Incretin-based therapies: therapeutic rationale and pharmacological promise for type 2 diabetes.

Objective: To highlight the therapeutic promise of the incretin hormone glucagon-like peptide-1 (GLP-1), the consequent rationale for therapies acting through GLP-1-mediated pathways in type 2 diabetes mellitus (T2DM), and the emerging clinical role of the dipeptidyl peptidase-4 (DPP-4) inhibitors and GLP-1 receptor agonists.

Methods: The PubMed database was searched (using terms including incretins, GLP-1, GIP, DPP-4), along with recent ADA and EASD abstracts.

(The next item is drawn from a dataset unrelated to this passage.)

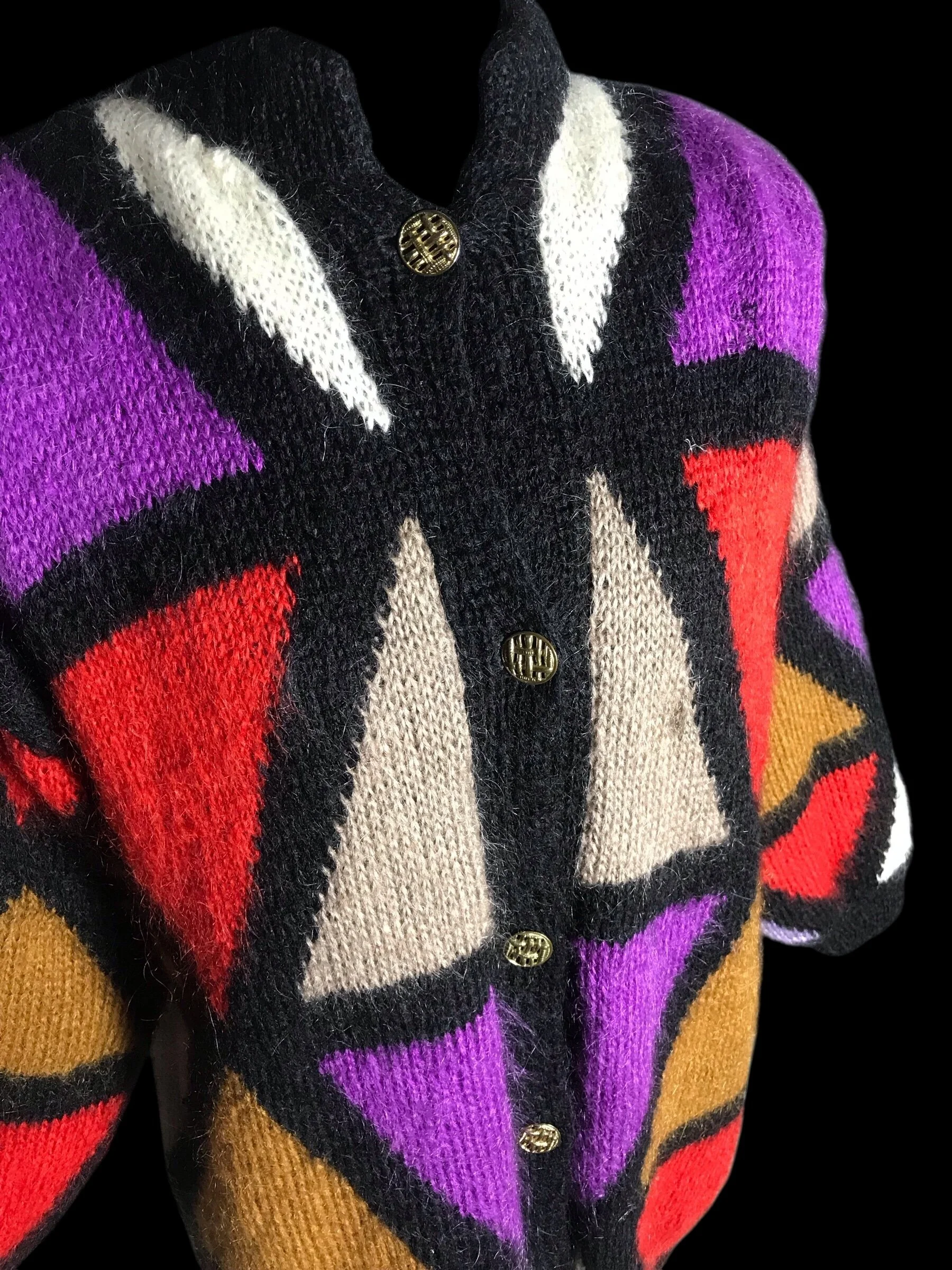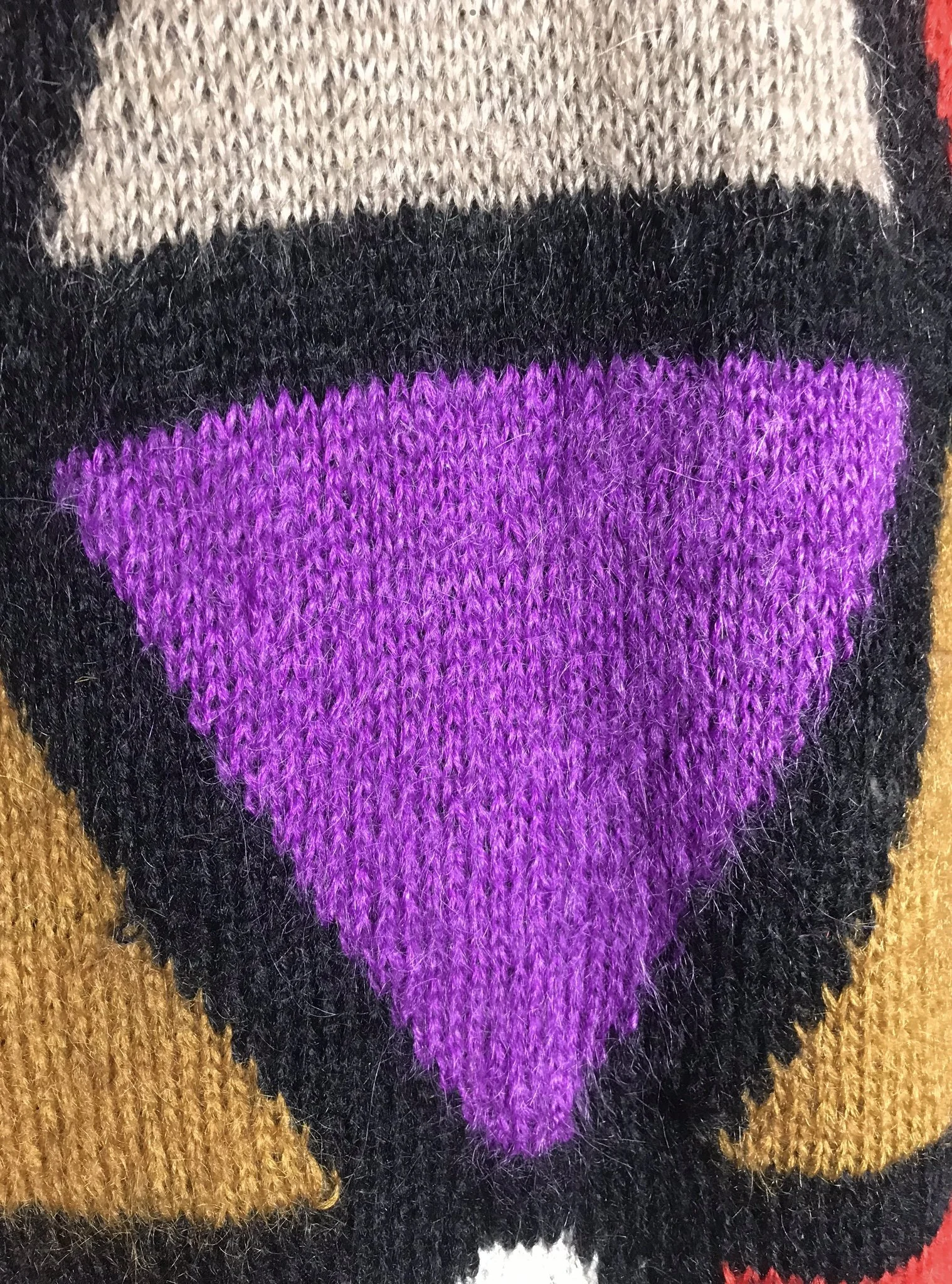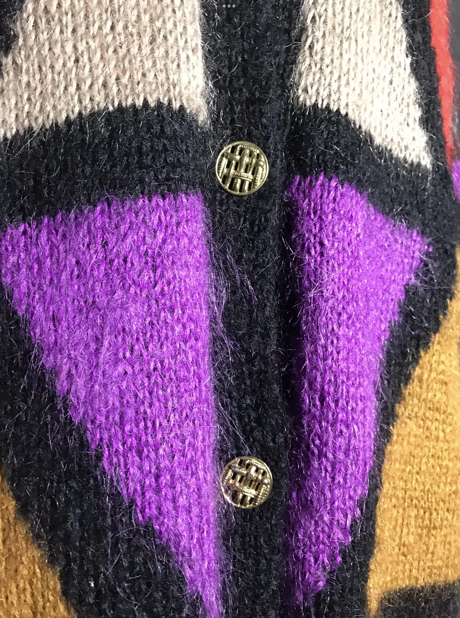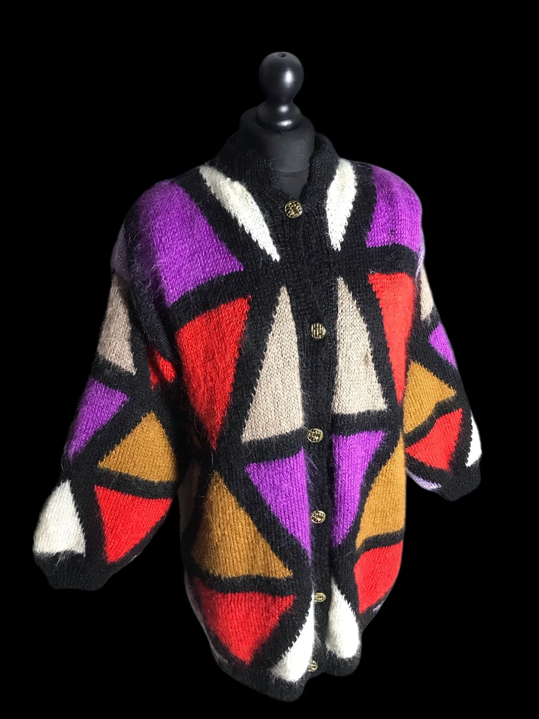 This oversized cardigan has such a colourful pattern of quads and triangles on the front and sleeves in vibrant shades of green, blues, white and black. The back is all black.

Conclusions: Many traditional drugs used for T2DM fail to achieve and maintain glycemic control, and possess limitations such as risk for hypoglycemia and weight gain. GLP-1 is a gut-derived hormone that glucose-dependently stimulates insulin secretion while simultaneously reducing gastric emptying and appetite. Other physiological actions of GLP-1 may benefit the cardiovascular system and beta-cell function. Recently developed drug therapies that mimic or prolong the action of this hormone, therefore, have great promise in the treatment of T2DM. Conclusions: The GLP-1 receptor agonists and DPP-4 inhibitors are incretin-based therapies that are now becoming established as effective therapies for T2DM to be used either as monotherapy or added to other antidiabetes drugs. They enable improvements to be made in glycemic control without weight gain, with a low risk for hypoglycemia, and with potential additional clinical benefits.